Troyzan – really?  Ok, it's Troy but he did say Troyzan. That’s worse than Tarzan; makes lots of broad generalizations about broads.
Michael* – aka ‘brows’; total jerk, steals from the girls right off the bat.  DO NOT WANT
Chelsea – CHUCKTOWN IN THE HOUSE! Great teeth; like her a lot.  GO CHELSEA!
Jonas – cute; nerdy; and will totally have to prove himself necessary if he wants to stay around.  Maybe he’ll show mad knife skills with the fish they catch.
Alicia – Ew.  JUST EW.  She starts an alliance right away and part of me expects it’s because she knows deep down that people will hate her.
Kim – pretty; seems reasonable enough.
Sabrina – Like her.  Like her a lot.  She finds an idol but can’t keep it.  Bummer.  She also shows some strength as a strategist, which will either serve or destroy her. She’s my second favorite.

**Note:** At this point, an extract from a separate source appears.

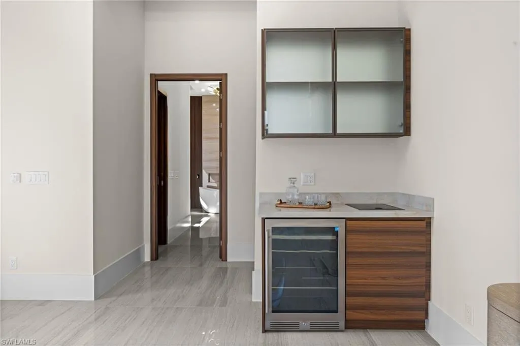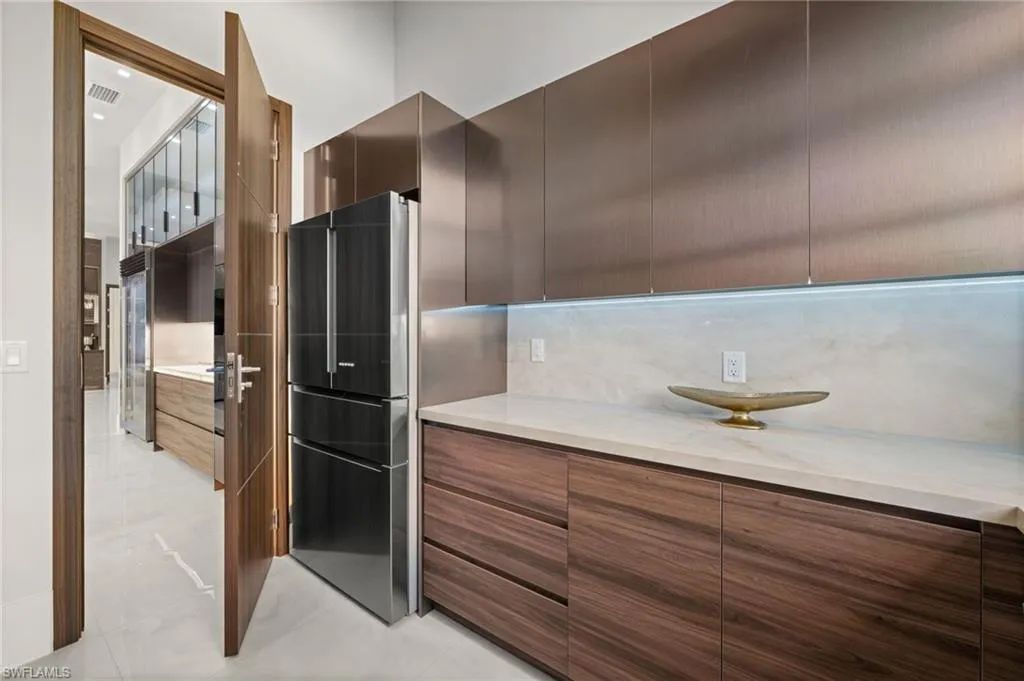 Every detail reflects an unwavering commitment to quality. The kitchen is outfitted with elite appliances such as a Wolf range, Sub-Zero and Cove refrigeration, and Bosch systems, all complemented by stunning Crystallo Quartzite waterfall countertops. Throughout the home and outdoor living spaces, the builder has crafted custom handmade inverted masterpiece ceilings, beautifully accented with both uplighting and downlighting to create a dramatic, high-end ambiance.A private poolside casita (548 Sq ft) offering an additional full kitchen, living room, bedroom, and bathroom—an ideal retreat for guests or extnded family seeking complete independence.

Matt* – cute but arrogant; complains immediately about Colton.
Bill* – kind of under the radar except for one statement: “They [the girls] need us more than we need them.”  Uh, Bill…who caught the 2 chickens?  The girls did.  In fact Chelsea from Charleston did. 
Jay* - a model, how novel; high talker; needs to go quickly because I don’t like listening to his voice.
Leif – I’m much more distracted by his nipple rings than the fact that he’s a little person.
Kat – Cute but clueless; doesn’t know what the word “ambiance” means.  Keeping fingers crossed that the dumb blonde act is just that.
Monica – also kind of under the radar; but steals fire from the guys in the middle of the night with…
Christina – also seems reasonable and doesn’t take crap from Alicia (this makes her my 3rd fave in the game)
Nina – bad hair, even worse fat lip from the challenge.  Other than that she’s pretty much under the radar too so far.

* the male model alliance. Not all are actually models but look like they could be. 

I watched this with my mom and had to share her funny quote of the night, though she'd prefer that I didn't.  There was a shot from above looking down on their campsite on the beach and my mom says, “That looks like Google Earth.”